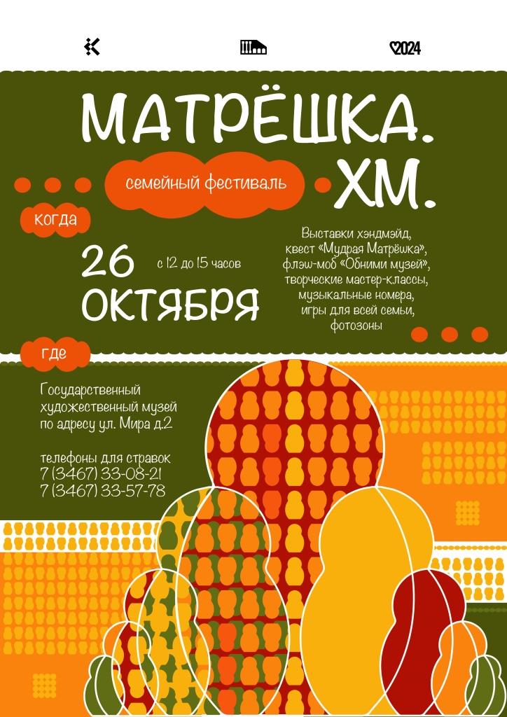 26 октября Государственный художественный музей проводит в Югре семейный фестиваль. Выставки хэндмэйд, увлекательный квест «Мудрая Матрёшка», флэш-моб «Обними музей», творческие мастер-классы, музыкальные номера, игры для всей семьи, фотозоны – всё это и многое другое – программа семейного фестиваля «Матрёшка.ХМ».
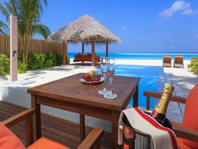 [蜜月度假]<马尔代夫美露丽芙Vilu Reef4晚自助游>北京出发,水飞上岛,中文服务,洁白沙滩
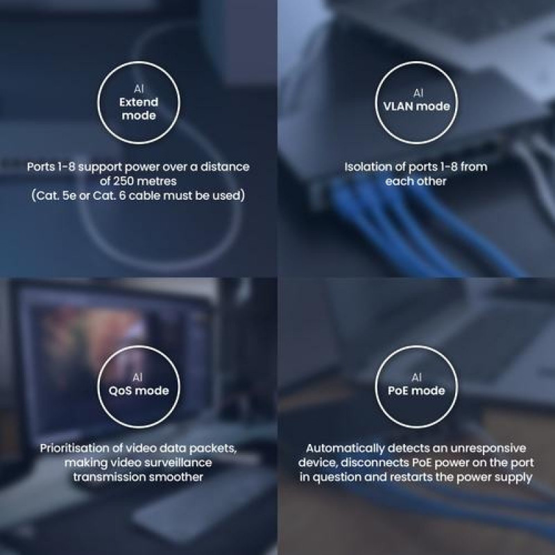Extralink CERES (switch extralink ceres ex3906 8x) is a 10-port PoE switch with 4 modes of operation: AI QoS, AI VLAN, AI Exten and smart power mode. The AI QoS mode is ideal for use in monitoring, ensuring smooth image quality by processing video daProduct has been archived
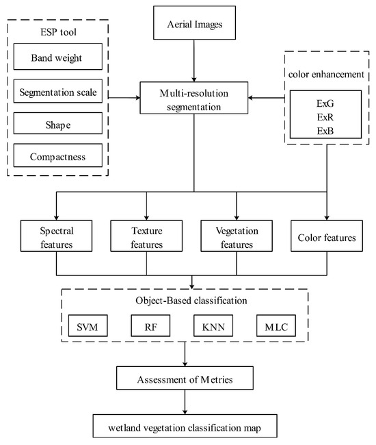 In this study, we used object-oriented classification methods based on color enhancement for fine classification of vegetation. The Technical flowchart is shown in Figure 3. First, we used the local variance of the ESP tool to determine the optimal segmentation scale, and second, the optimal shape factor and compactness factor were determined by experimental comparison. At the same time, color features are used to enhance the differentiation between different vegetation in the image. Based on multi-resolution segmentation, we use random forest (RF) [39], support vector machine (SVM) [40], k-nearest neighbor (KNN) [41] and maximum likelihood classifiers (MLC) [42] to classify the spectral features, texture features and vegetation features of the images. Color features are not only used as an auxiliary layer for object segmentation but also for optimal classification. Then, the confusion matrix calculation is used to evaluate the classification accuracy. Finally, the fine classification map of vegetation using the object-oriented classification based on color enhancement is visualized.

**WORK REQUEST**
Return exactly the lines of the data, beginning with the first and ending with the line containing "[蜜月度假]<马尔代夫美露丽". Skip the pictures.

**OUTPUT FOR THIS EXERCISE**
 26 октября Государственный художественный музей проводит в Югре семейный фестиваль. Выставки хэндмэйд, увлекательный квест «Мудрая Матрёшка», флэш-моб «Обними музей», творческие мастер-классы, музыкальные номера, игры для всей семьи, фотозоны – всё это и многое другое – программа семейного фестиваля «Матрёшка.ХМ».
 [蜜月度假]<马尔代夫美露丽芙Vilu Reef4晚自助游>北京出发,水飞上岛,中文服务,洁白沙滩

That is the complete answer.